Crimson Desert's patch offensive improves much, but it can’t fix the game’s real problem |
It's been a month since Crimson Desert launched, and what an excruciating month it's been — for me, who has played this game for over a hundred hours, but also for the developers at Pearl Abyss, who've released about a dozen patches and hotfixes of varying shapes and sizes. As I moved deeper and deeper into the new-and-improved Pywel following my first impressions of Crimson Desert, I very much hoped it would cure my initial disappointment in the game, and to some extent, it did.
Many issues made my life hell in pre-release Crimson Desert: severely limited inventory space, no private storage, no menu shortcuts, and a painful lack of abyss nexus teleport waypoints at central locations such as the major towns and the Howling Hill camp, to name a few. All of these have now been addressed in recent mini-updates. The equally aggravating need to continuously tap the sprint button, the precise aiming requirement for lumbering, and the automatic use of valuable keys upon walking into a locked door can bother me no more. A few decades from now, I will tell young gamers that they don't know the meaning of "suffering" until they travel back in time to play Crimson Desert before its first few patches.
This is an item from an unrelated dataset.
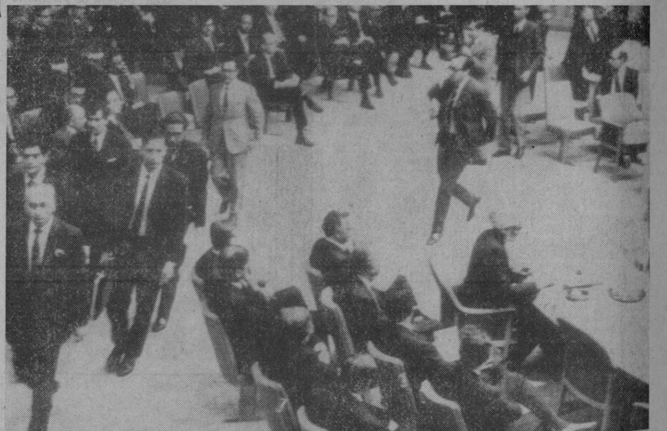
Naciones Unidas.—Zulfiqar Ali Bhutto, delegado de Pakistán en las Naciones Unidas, abandona el Consejo de Seguridad durante la reunión de anoche, acusándolo de «fraude». En primer plano aparece sentado el delegado indio Swaran Singh.

Hong Kong, 16.—China ha acusado hoy a las fuerzas armadas indias de haber cruzado la frontera entre China y Sikkim por Sese-La, y de haber entrado en territorio chino para efectuar reconocimientos, según informa Radio Pekín.—Efe-Reuter.

My favorite improvement arrived in patch 1.01.00, hidden at the bottom of a long list of content updates: Criminal behavior now only decreases your contribution level if the crime is witnessed by an NPC. I love a bit of realism and logic in my evil doings; it makes the felonies more immersive. A close second would be the addition of refinement token quest rewards, which reduce grinding time, followed by the tweaked archery contest difficulty (no more need to shoot faster than your shadow) and the starting point of the Witches' questline, which was moved to the early game. Remember the castle walls adorned with unsettling pictures of AI-generated........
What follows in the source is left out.